La questione, in fondo, era nell’aria. Quando Apple ha presentato Liquid Glass come evoluzione estetica dei propri sistemi operativi, la reazione della comunità è stata tutt’altro che unanime. Da un lato c’era chi apprezzava l’effetto vetrato e la sensazione di profondità. Dall’altro, una fetta consistente di utenti e sviluppatori ha iniziato quasi subito a segnalare difficoltà concrete: testi poco leggibili su sfondi complessi, elementi dell’interfaccia che si confondevano tra loro, icone che perdevano definizione. Insomma, problemi di leggibilità reali, non semplici lamentele estetiche.
Cosa potrebbe cambiare con macOS 27
Stando alle indiscrezioni, Apple non avrebbe intenzione di abbandonare completamente la filosofia di Liquid Glass, ma piuttosto di perfezionarla. L’obiettivo sarebbe trovare un equilibrio migliore tra l’aspetto visivo trasparente e la funzionalità quotidiana. Parliamo di ritocchi al contrasto dei testi, maggiore opacità in determinate aree dell’interfaccia e una gestione più intelligente degli sfondi dinamici che oggi, in certi casi, rendono quasi impossibile distinguere pulsanti e label.
È una mossa che ha senso. Apple ha sempre avuto questo approccio: lanciare qualcosa di radicale, raccogliere feedback e poi affinare nelle versioni successive. Era successo anche con iOS 7, quando il passaggio dallo skeuomorfismo al flat design aveva generato polemiche enormi, salvo poi trovare la quadra nei mesi e negli anni seguenti.

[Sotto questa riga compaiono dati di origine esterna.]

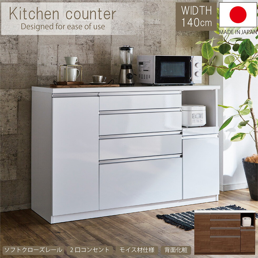 商品説明 使いやすさを考えた幅140cm高さ100cmのカウンターです。 一般的なカウンターの高さ85cmよりも高い100cmに設定しており、使いやすく作業台としてもご使用いただけます。 メラミンの天板は耐熱性・耐水性・耐汚性に優れており、日々のメンテナンスも楽に行えます。 スライド棚を除く全段の引き出しはソフトクローズレールを使用しています。 引き出しの奥まで開くことができ、閉まる手前で衝撃をやわらげゆっくり閉まります。 開き扉はソフトクローズ蝶番を使用しており、閉まる際に衝撃をやわらげゆっくり閉まります。 オープン部分には蒸気や湿気を吸収する素材「モイス」を採用しています。 背面は化粧仕上げになっているので間仕切りとしても使用できます。 引出しの内部は汚れてもさっと拭き取れるラッピング加工を施しておりますのでとっても衛生的です。 底板・中仕切り板も化粧板を施していて収納しても木の粉が付かないので衛生的で安心してご使用いただけます。 本体は完成品なので組立商品に比べて耐久性も良くとっても頑丈なつくりなのでながくご使用いただけます。 色は、清潔感のあるホワイト色と落ち着いたブラウン色の2色からお選びいただけます。 サイズ <商品サイズ> (約)幅139.5×奥行48×高さ100cm カラー ウォールナット ホワイト 材質 MDF含浸紙(メープル柄) リアルウッドクリーンイーゴスシート 天板:メラミン 特徴 日本製 ソフトクローズレール ソフトクローズ蝶番 背面化粧仕上げ モイス材(オープン上部) 1500Wコンセント 完成品 送料 九州〜関東まで【送料無料】 開梱・組み立て・設置サービス付き (梱包材の持ち帰りも全ておこないます。) ※配送地域によっては開梱設置便がご利用頂けない場合がございます。 ※東北・北海道・沖縄への配送は別途送料をいただいております。 東北:4,000円 北海道・沖縄本島:6,000円 ※離島へのお届けが必要な場合は別途お見積りとなります。 ※商品1点の金額です。 納期 表示される配送予定日は目安となっております。 同じ都道府県でも配送エリアにより配達日数が異なりますので、表示している最短のお日にちにお届けできない場合もございます。 予めご了承ください。 ご注文商品が欠品の際はメールまたはお電話でご連絡いたします。 配送について ■配送日の前日(または当日の朝)までに配送センターより、おおよその配送時間帯をお電話またはショートメールにてご連絡致します。 配送日当日は必ずご在宅(ご待機)いただけますようお願いいたします。 ■大型商品の場合は事前に搬入経路を必ずご確認ください。 ※搬入できず返品される場合は往復の送料・商品代金の30%をお客様にご負担をいただきます。予めご了承ください。 大型商品は特に物流費が高騰しており、商品代金並みになる場合もございます。十分にご注意ください。 ■商品の吊り上げが必要な場合の費用はお客様ご負担となります。 商品保証 当店の商品には保証書が付属しておりません。商品保証はメーカー保証にて商品到着より1年間となります。 (一部商品を除く) ご理解の程、宜しくお願い申し上げます。 注意事項 ■商品の撮影には最大限注意を払っておりますが、閲覧時のモニター環境によりましては実際の商品と若干違うお色味に映ることもございます。 ■こちらの商品は大型家具の為、ご希望の日時に配送できない場合がございます。予めご了承下さい。■追加料金につきましてはご注文時には反映されず、営業日にご注文を確認後、金額修正させていただきます。 ■お届け予定日の2営業日前の配送日の変更、または当日ご不在の場合は再配送料として8,800円(税込)いただいております。必ず配送日のお知らせメールをご確認ください。 関連商品【マラソン期間10%OFFクーポン配布】【開梱設置付】キッチンカウンタ...【マラソン期間10%OFFクーポン配布】【開梱設置付】キッチンカウンタ...【マラソン期間10%OFFクーポン配布】【開梱設置付】キッチンカウンタ...88,600円89,800円80,800円【マラソン期間10%OFFクーポン配布】【開梱設置付】キッチンカウンタ...【マラソン期間10%OFFクーポン配布】【開梱設置付】キッチンカウンタ...【マラソン期間10%OFFクーポン配布】【開梱設置付】キッチンカウンタ...80,800円82,000円79,700円シリーズ商品はこちら

Il nodo della trasparenza nell’esperienza utente
Il punto centrale resta sempre lo stesso: quanto può spingersi la trasparenza in un’interfaccia senza sacrificare l’usabilità? È una domanda che nel mondo del design non ha una risposta semplice. Liquid Glass ha dimostrato che esiste un limite, e Apple sembra averlo capito. Le modifiche attese in macOS 27 dovrebbero rappresentare proprio quel passo indietro calibrato che serve a rendere l’esperienza più accessibile senza rinunciare all’identità visiva.
Per chi usa il Mac ogni giorno per lavoro, la notizia è sicuramente positiva. Avere un sistema operativo bello da guardare conta, certo, ma poter leggere senza sforzo ciò che appare sullo schermo conta di più. E Apple, almeno questa volta, sembra pronta ad ascoltare.